Home / Economy / News / Wealth disparity rose six-fold in 17 years, says development study
Wealth disparity rose six-fold in 17 years, says development study
The study talks of widening wealth inequalities at a time when there is speculation in certain quarters about restoring the inheritance tax in the Budget for 2019-20
premium
Former PM Manmohan Singh will release the study on Monday
3 min read Last Updated : Jun 23 2019 | 11:25 PM IST
Wealth inequality has risen six times between 2000 and 2017, shows a study to be released by former prime minister Manmohan Singh on Monday.
The study, the Social Development Report (SDR) 2018, prepared by the Council for Social Development (CSD), attributes the inequality to economic liberalisation and the rigid social structure in the country.
When contacted, T Haque, who is one of the co-editors of the report, said: “We will tell the former prime minister that he was the one who initiated economic liberalisation.”
Haque, who was chairperson of the Commission for Agricultural Costs and Prices (CACP), is distinguished professor at the CSD. He said governments implemented entitlement schemes, and yet inequalities grew.
The report, which contains articles on the issue by economists, demographers and social scientists such as Pulin B Nayak, C P Chandrasekhar, N C Saxena (who was also in the Indian Administrative Service), Amitabh Kundu and Haque himself, says that economic growth can be compatible with growing inequality if there are progressive tax policies and adequate social safety nets for the poor.
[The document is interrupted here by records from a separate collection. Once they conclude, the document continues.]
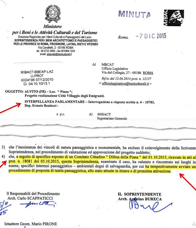“In relazione alla richiesta effettuata dal comitato in data 01/10/2015 e indirizzata alla Soprintendenza Belle Arti e Paesaggio delle province laziali e congiuntamente al Ministero per i Beni e le Attività Culturali, si precisa che il comitato ha richiesto agli organi competenti un accertamento della compatibilità del progetto in questione (Città Villaggio degli emigranti) con la tutela del patrimonio culturale e paesaggistico interessato dallo stesso”.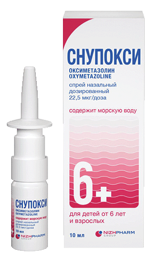 | СНУПОКСИ, спрей назальный дозированный, 22.5 мкг/доза, флакон 10 мл (164 доз) - пачка картонная Производитель: НИЖФАРМ АО (Россия), | ||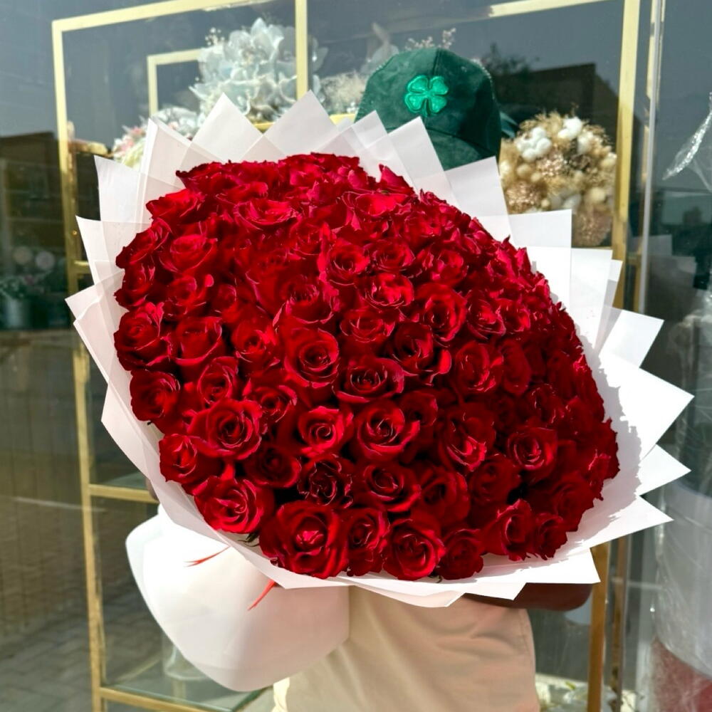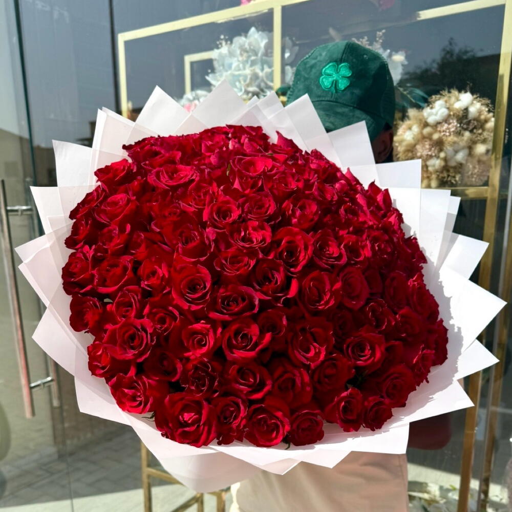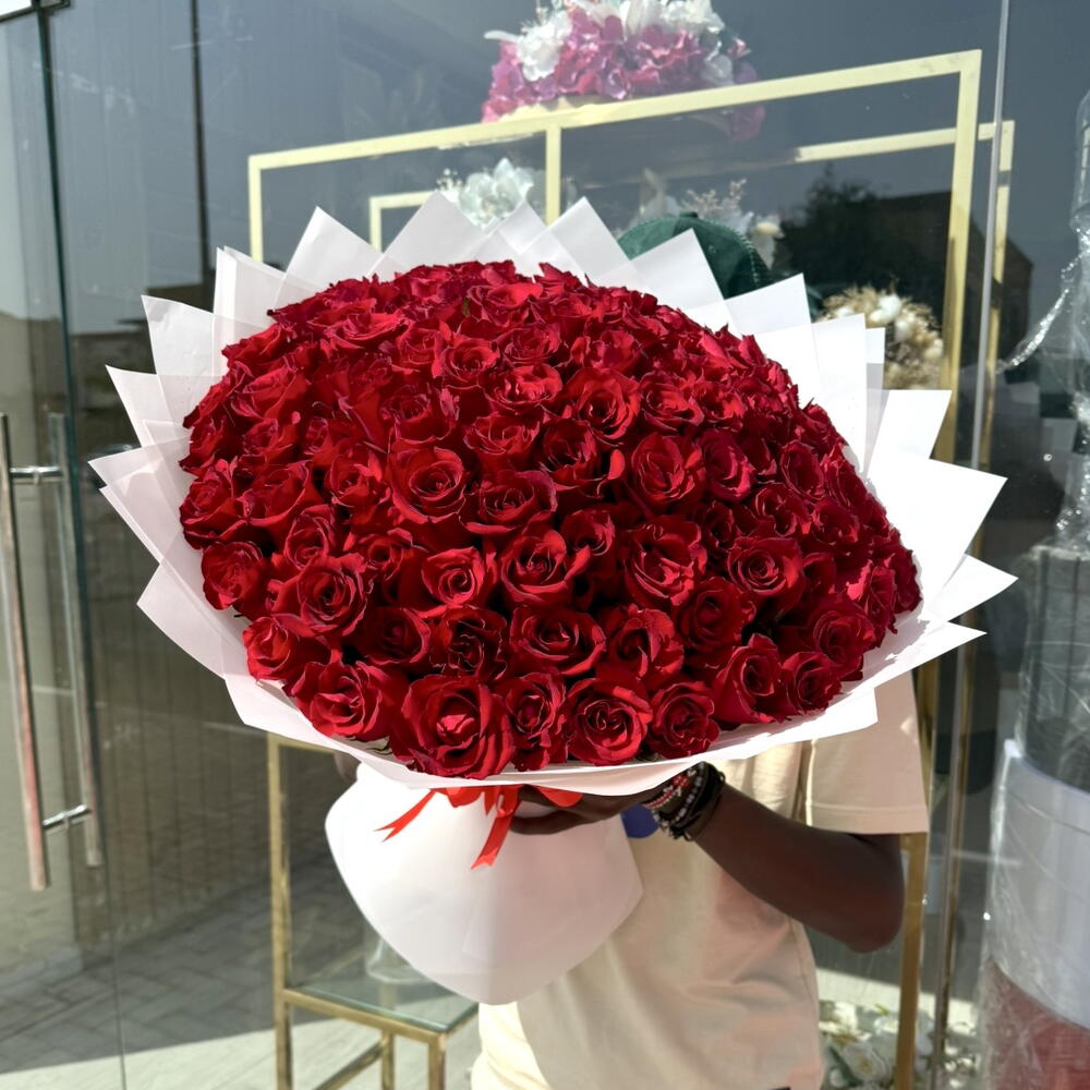 Immerse into the timeless allure of romance with our Mono Bouquet, lavishly adorned with 101 passionately red roses. Elegantly structured and meticulously arranged, these velvety roses will dispatch your deepest sentiments in an extraordinary display of affection. The sheer volume multiplies the grandeur, making it a perfect token of unending love. Suitable for expressing a grand declaration of love, anniversaries, proposals, or simply to display luxurious taste with a touch of majestic charm.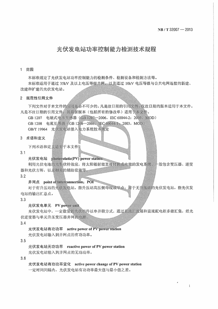 NB/T 32007-2013 光伏发电站功率控制能力检测技术规程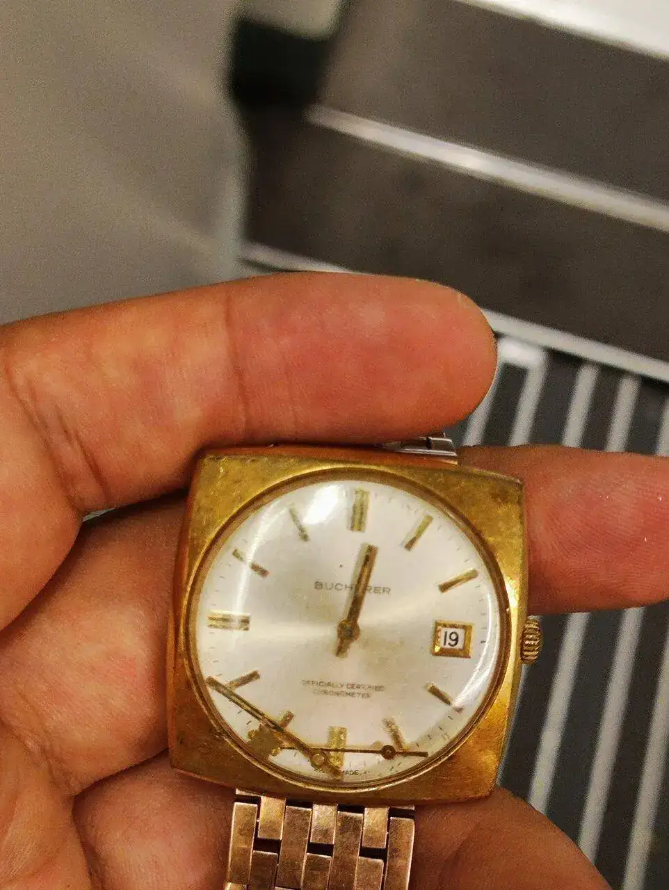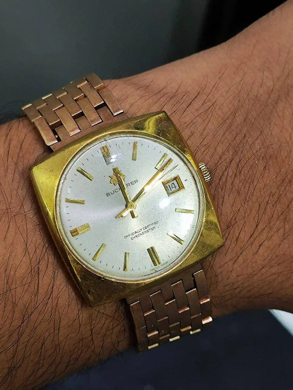 Hola buenas, me presento, me llamo David y vivo en Barcelona, mi padre me ha dado un reloj que le dieron cuando él trabaja en una naviera, nunca había escuchado de la marca, es un Bucherer, llevo tiempo leyendo este foro pero me acabo de registrar a ver si me podéis echar una mano, en la parte trasera no he encontrado nada que pueda identificar al reloj, sólo la insignia de la marca y el año en que fue fundada, en la parte delantera pone "Officially certified Chronometer", es de oro según me ha dicho mi padre. Buscando en google he encontrado uno que se vendió en una relojería en NY pero no decían el modelo. A ver si alguien me puede ayudar a encontrar el modelo, por otra parte, me podéis aconsejar de algun relojero en Barcelona o alrededores que me pueda dar presupuesto para repararlo? le di vueltas a la corona y cambia de fecha. Adjunto 2 fotos.
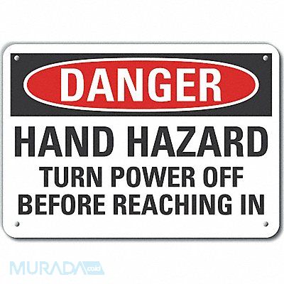 Plastic Machine Operation Danger Sign Horizontal Rectangle Number of Printed Sides 1 English Sign Format Traditional OSHA Sign Legend Hand Hazard Turn Power Off Before Reaching In Sign Legend Background Color White Sign Legend Style Text

It talks of widening wealth inequalities at a time when there is speculation in certain quarters about restoring the inheritance tax in the Budget for 2019-20. The tax, prevalent till the 1980s, was abolished by then finance minister V P Singh because it collected a sum that was small when measured against administrative costs associated with it.
The report says inter-state inequality in per capita income has shown an increasing trend since 1991, when economic liberalisation started.
States with a higher per-capita income and better infrastructure experienced higher growth and vice versa.
The SDR also points out that people in metropolitan areas have a high concentration of wealth but Dalits and Muslims are at the bottom of the wealth ladder, and are increasingly pushed to new settlements and outskirts with poor amenities.
It says despite improvement in the growth performance of the Indian agriculture sector from 2 per cent per year in the 1990s to 4 per cent during the period 2004-05 to 2013-14, the economic conditions of farmers have not improved.
The report brings out the paradox of high agricultural deprivation and the poverty of farming communities in states such as Bihar, Jharkhand, Chhattisgarh, and Madhya Pradesh.
Income per worker in the non-agricultural sector was six to 11 times higher than that in the agricultural sector in Bihar, Jharkhand, Odisha, Chhattisgarh and Uttarakhand during the period mentioned above.
At all-India level too, income per worker in the non-agricultural sector was five times higher than that in the agricultural sector during the period, it says.
Though it does not mention the recent deaths of children due to encephalitis in Muzaffarpur, Bihar, the report says India presents several paradoxes in its health system performance. “While its large corporate hospitals (boast world-class) professional talent, (a majority) of Indian population suffer health care-related impoverishment,” it observes.
Huge inequalities in health status are evident across states as well as social, demographic and gender strata, it says.
“(The health care) system in India faces serious challenges of inadequate financial and human resources. Public expenditure on health was stagnant at 0.9 per cent to 1.4 per cent of GDP in the past several decades,” the report says.